AIM OF THE TASK.
Starting at the line that holds "Στο ίδιο μήκος", quote every line through the end of the records, both boundary lines included. Omit the pictures.

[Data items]
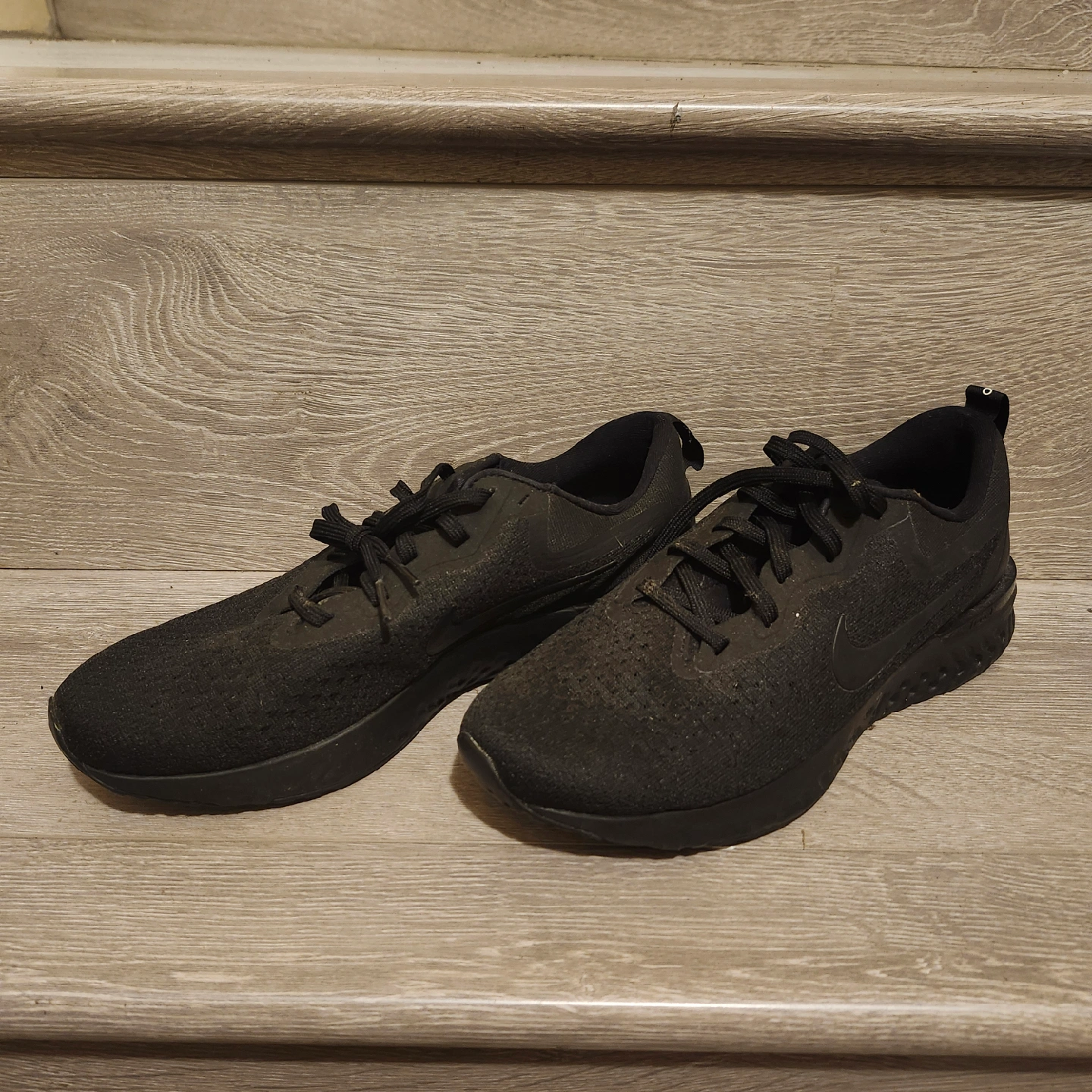 Selling a pair of Nike Odyssey React running shoes in black. They are in good condition and ready for a new owner. Great for running or everyday wear!
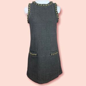 Ca$hmere gray tweed mod style shift dress with chain accents
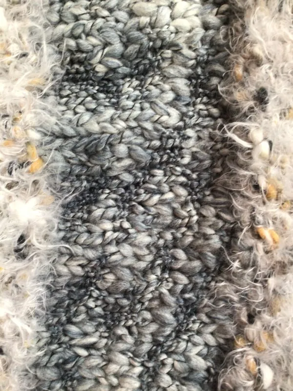 Soft, and warm, hand knit, textured neck gaitor by Kathleen Crawford with outer bands of creamy gray and a center band of nubby shades of gray. Acrylic yarn. Hand wash and lay flat to dry. Size (#3-25) 6″ W. Hand made in West Virginia.
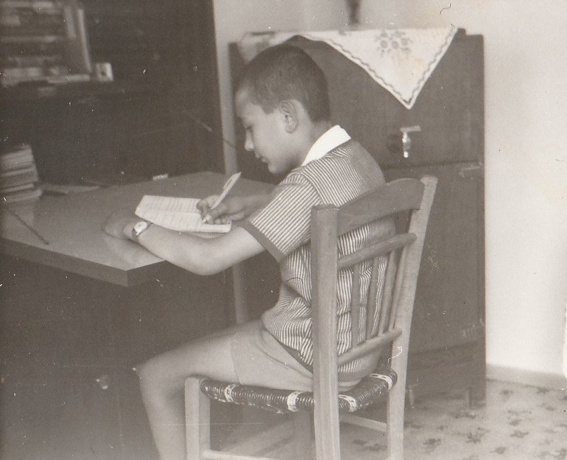 1964. Ο κουρεμένος με την ψιλή μαθητής είναι η αφεντιά μου. Κάνει πως μελετάει καθώς τον φωτογραφίζουν και καμαρώνει το πρώτο του ρολόι.
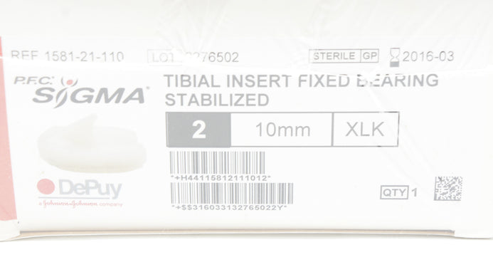 - DePuy 1581-21-110 P.F.C. Cross-Linked Stabilized Insert 2 x 10mm (x)
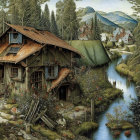 A serene landscape featuring a rustic wooden house by a calm river. Lush trees frame the scene, while a small boat carries people along the tranquil water under a bright, cloudy sky.
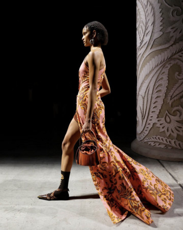Στο ίδιο μήκος κύματος κινήθηκε και η Alberta Ferretti αλλά χρησιμοποιόντας πιο γήινους τόνους και χρησιμοποιώντας περισσότερο σέξι cut-outs για να δώσει έμφαση στη θηλυκότητα
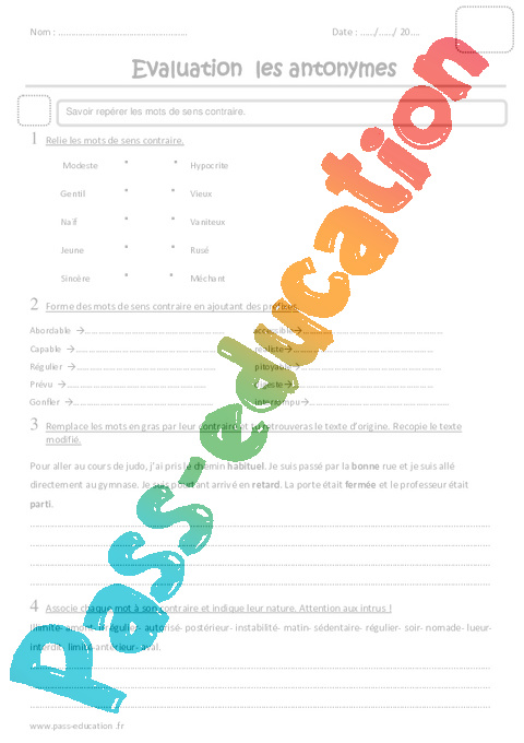 : Primaire 5 – Evaluation – Bilan les antonymes / Les mots de sens contraire
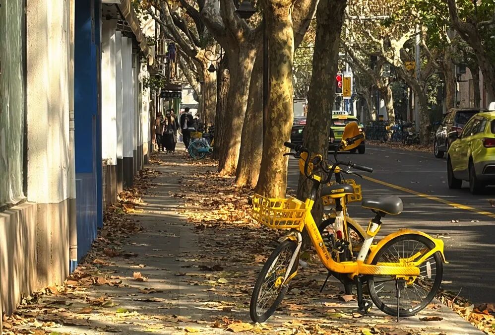 上海是一个被梧桐树包围的城市,气温渐渐走低,眼见得道路两旁的梧桐树也由绿泛黄,片片皆秋色。
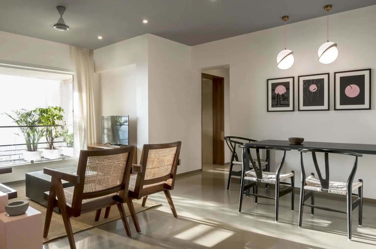 Its furnished with a combination of bespoke hand crafted pieces and iconic mid-century pieces designed by masters like Hans Wegner and Pierre Jeanneret.
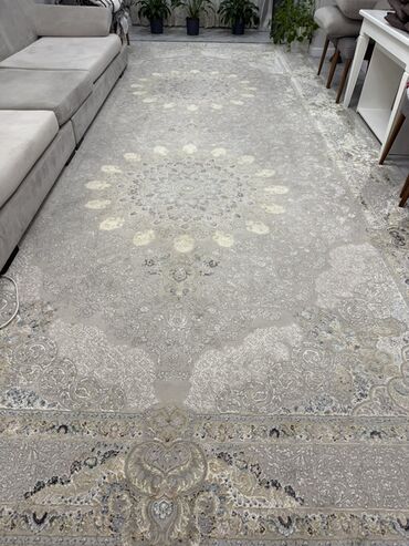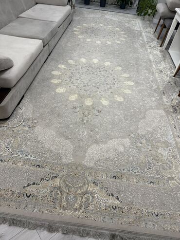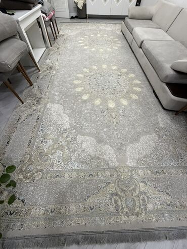 - Цвет: светло‑серый с бежево‑кремовыми узорами и медальонами, классический восточный орнамент, декоративная кайма, короткая бахрома по краям
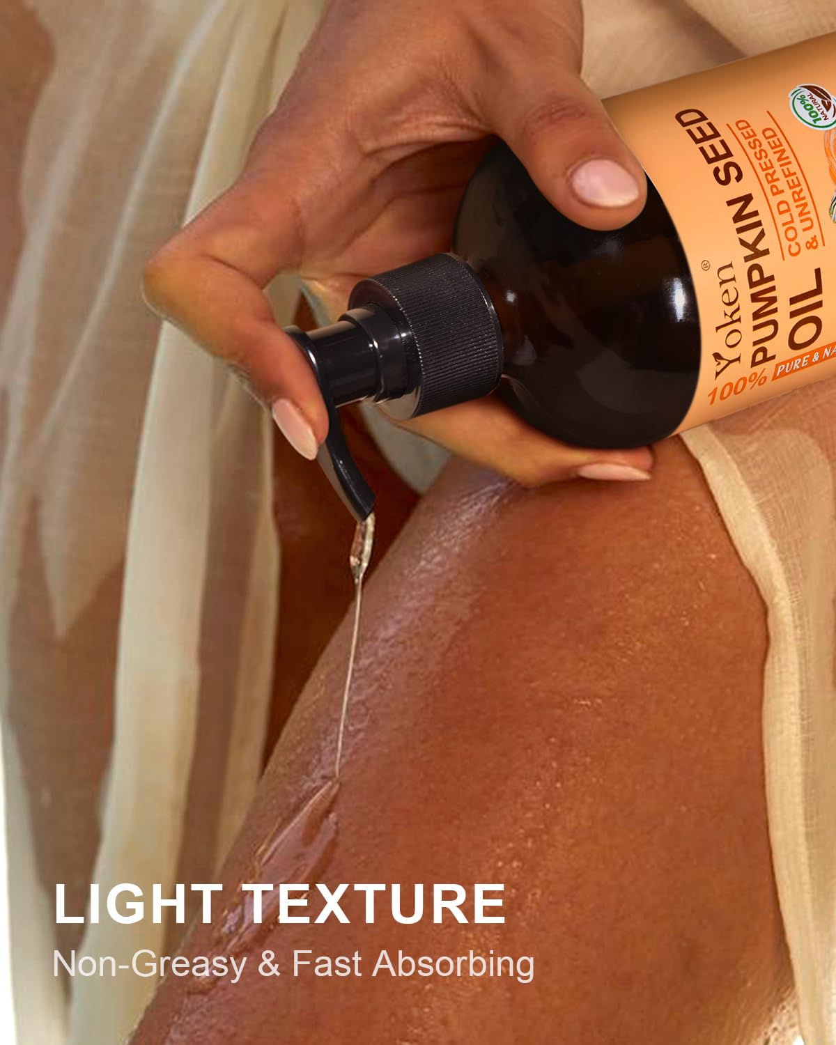 - Nutrient-Rich Formula: Yoken Cold-Pressed Pumpkin Seed Oil is gently extracted to help preserve its natural nutrients. Free from hexane and additives, it's rich in antioxidants, vitamins A & E, and fatty acids for skin and hair care.
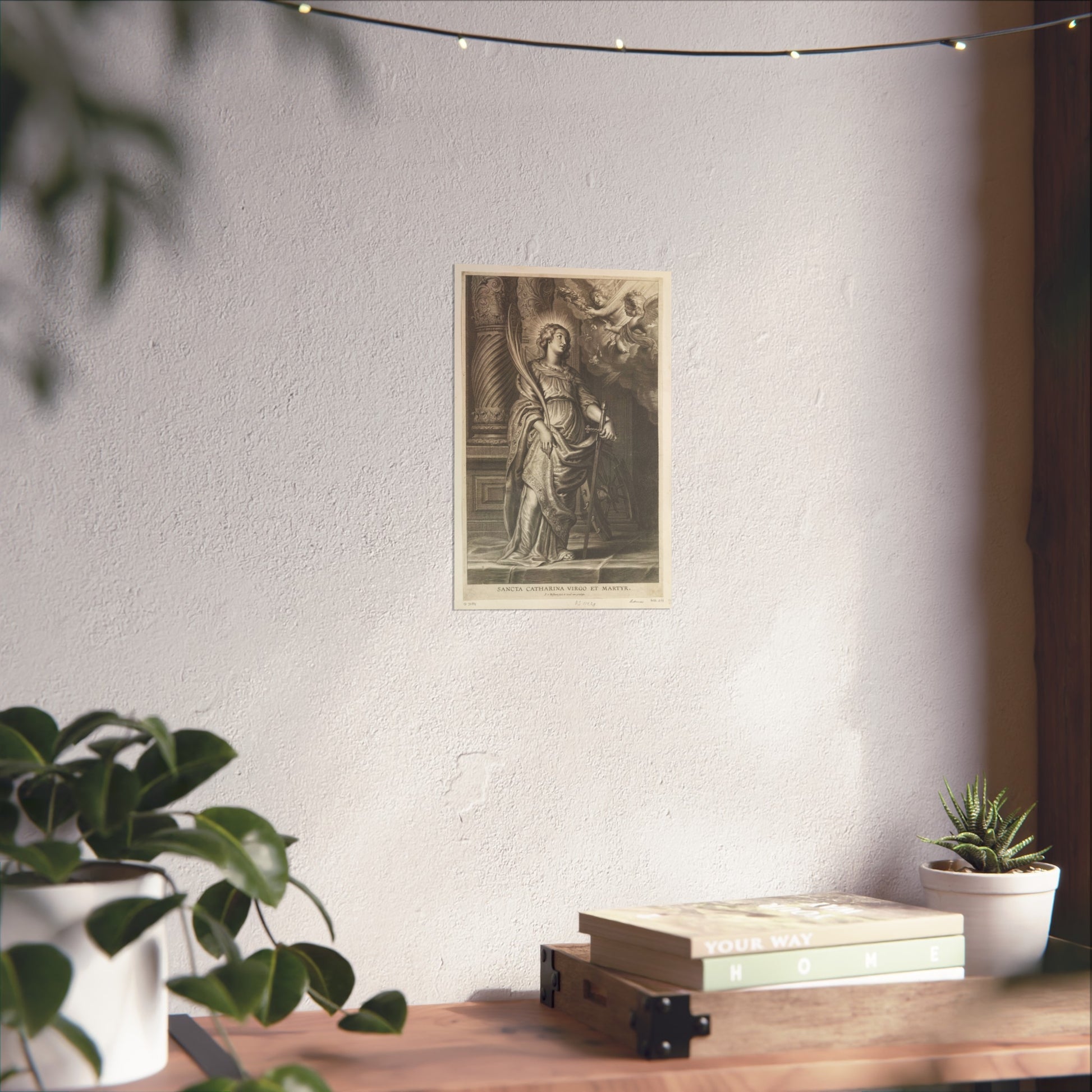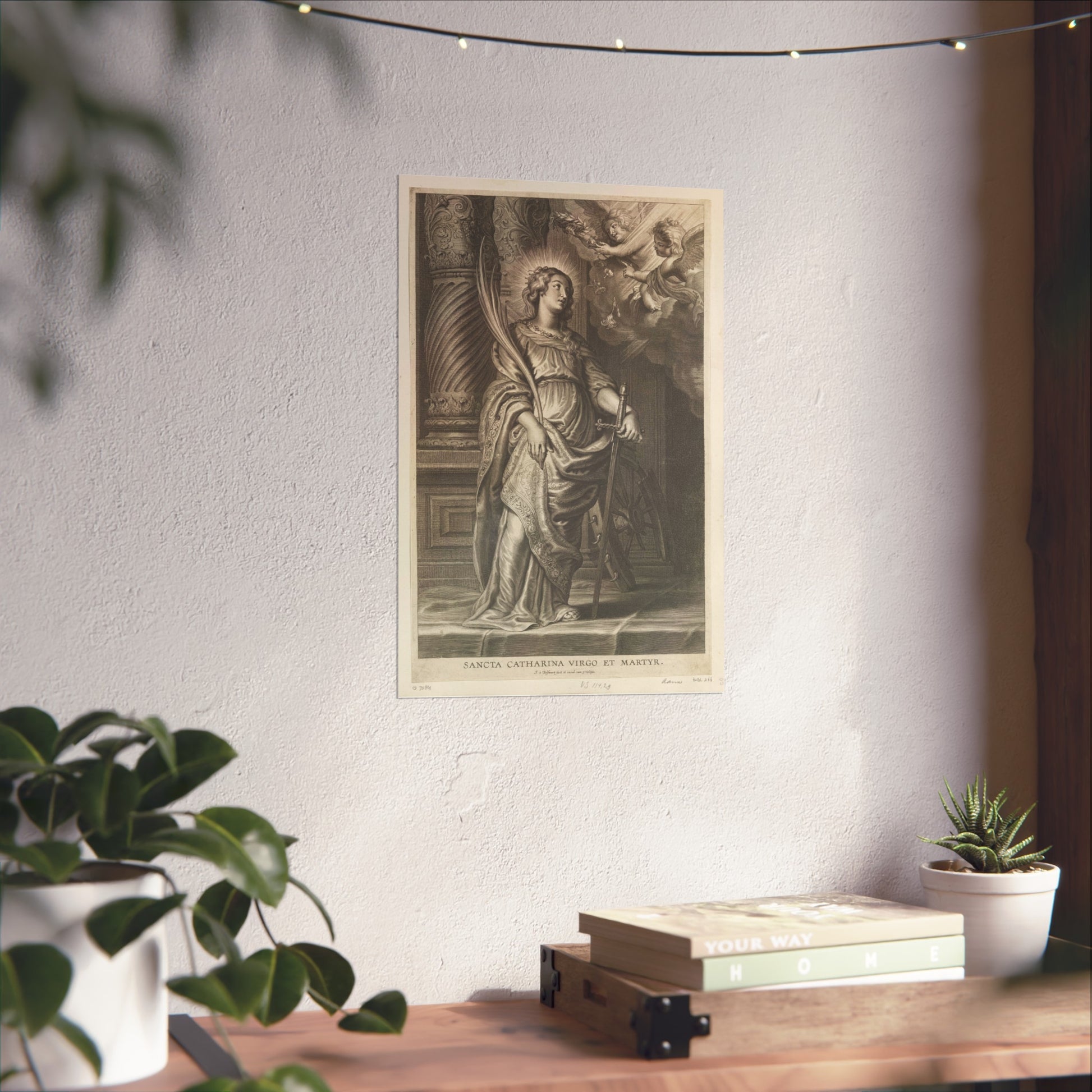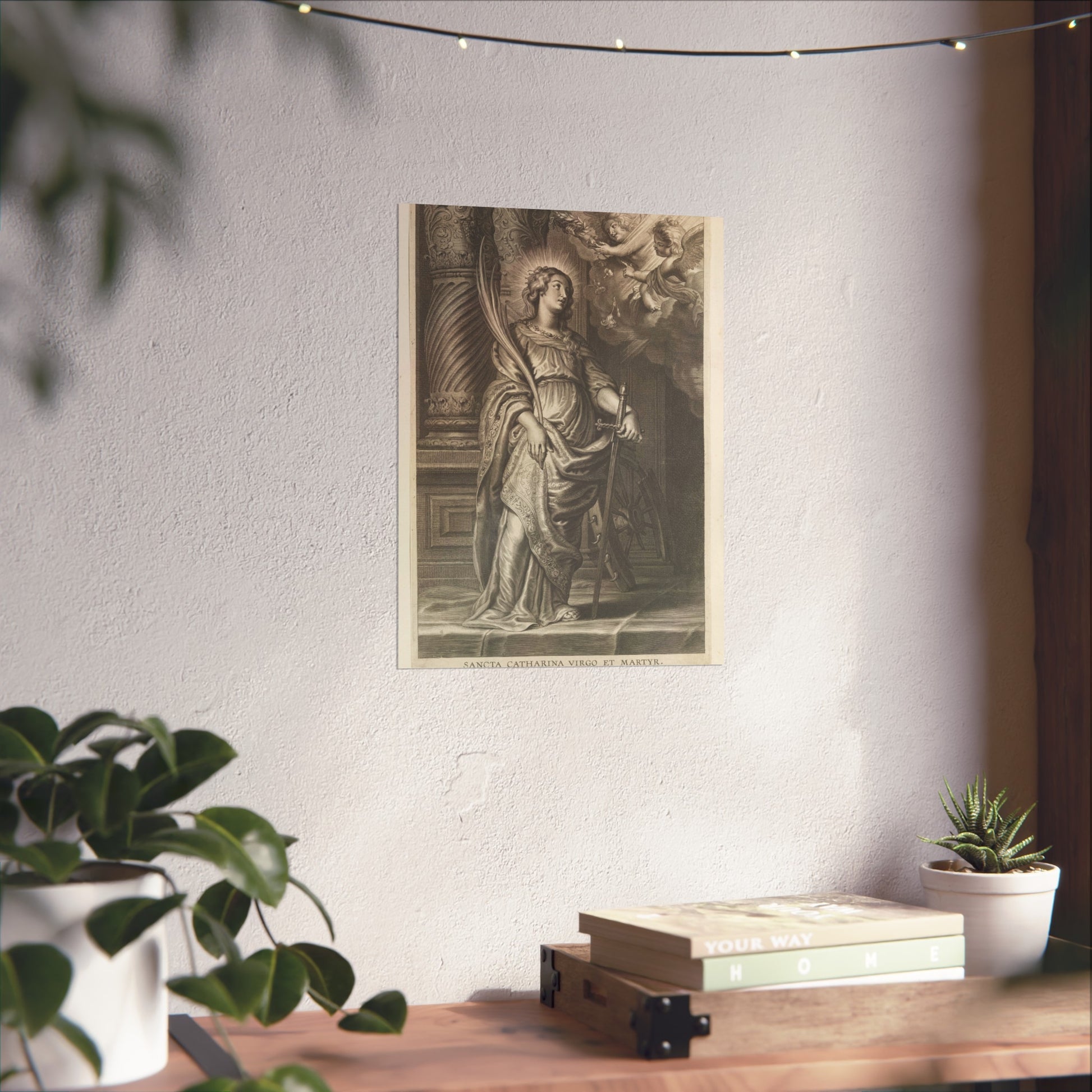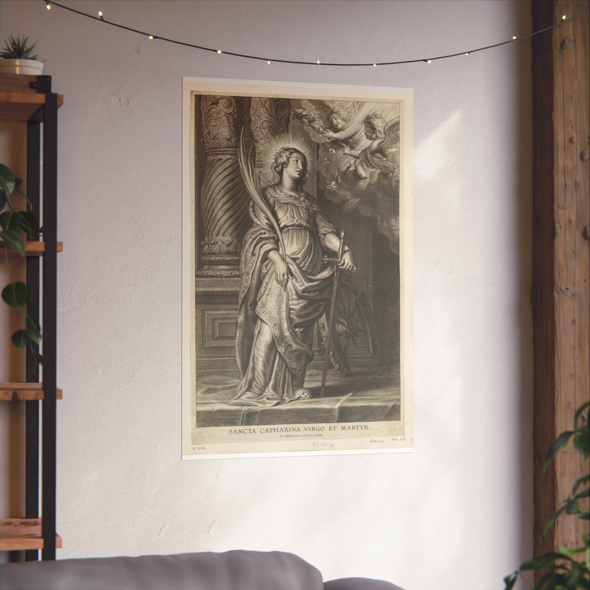 This captivating artwork portrays Saint Catherine of Alexandria, depicted as a martyr with a broken wheel. This print is part of an album, adding a sense of narrative and historical context to the piece.

ANSWER SECTION.
Στο ίδιο μήκος κύματος κινήθηκε και η Alberta Ferretti αλλά χρησιμοποιόντας πιο γήινους τόνους και χρησιμοποιώντας περισσότερο σέξι cut-outs για να δώσει έμφαση στη θηλυκότητα
 : Primaire 5 – Evaluation – Bilan les antonymes / Les mots de sens contraire
 上海是一个被梧桐树包围的城市,气温渐渐走低,眼见得道路两旁的梧桐树也由绿泛黄,片片皆秋色。
 Its furnished with a combination of bespoke hand crafted pieces and iconic mid-century pieces designed by masters like Hans Wegner and Pierre Jeanneret.
 - Цвет: светло‑серый с бежево‑кремовыми узорами и медальонами, классический восточный орнамент, декоративная кайма, короткая бахрома по краям
 - Nutrient-Rich Formula: Yoken Cold-Pressed Pumpkin Seed Oil is gently extracted to help preserve its natural nutrients. Free from hexane and additives, it's rich in antioxidants, vitamins A & E, and fatty acids for skin and hair care.
 This captivating artwork portrays Saint Catherine of Alexandria, depicted as a martyr with a broken wheel. This print is part of an album, adding a sense of narrative and historical context to the piece.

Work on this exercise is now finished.